> _Data excerpt_
————

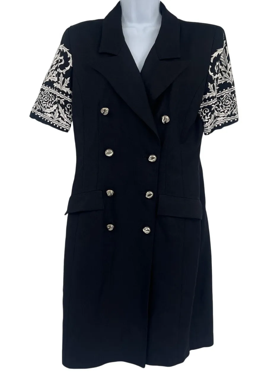 Vintage Richard Warren Black Embroidered Sleeve Dress 80s 90s Double Breasted 10 V-neck, Double brea... Show more
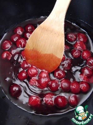 Когда сахар растворится, крахмал развести в 1 ст. л воды, добавить в вишню. Проварить пока не загустеет, это происходит быстро.
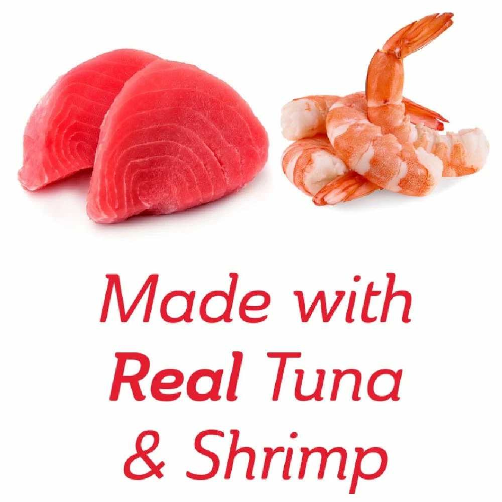 Water, Tuna, Shrimp, Natural and Artificial Flavor, Tapioca Starch, Natural Tuna Flavor, Guar Gum, Annatto Extract Color, Carmine Color.

————

> _Exercise instructions_
Your reply should consist solely of the lines from the line containing "Когда сахар растворится, крахмал" through the last line of the listing, unchanged and free of pictures.

> _Response box_
 Когда сахар растворится, крахмал развести в 1 ст. л воды, добавить в вишню. Проварить пока не загустеет, это происходит быстро.
 Water, Tuna, Shrimp, Natural and Artificial Flavor, Tapioca Starch, Natural Tuna Flavor, Guar Gum, Annatto Extract Color, Carmine Color.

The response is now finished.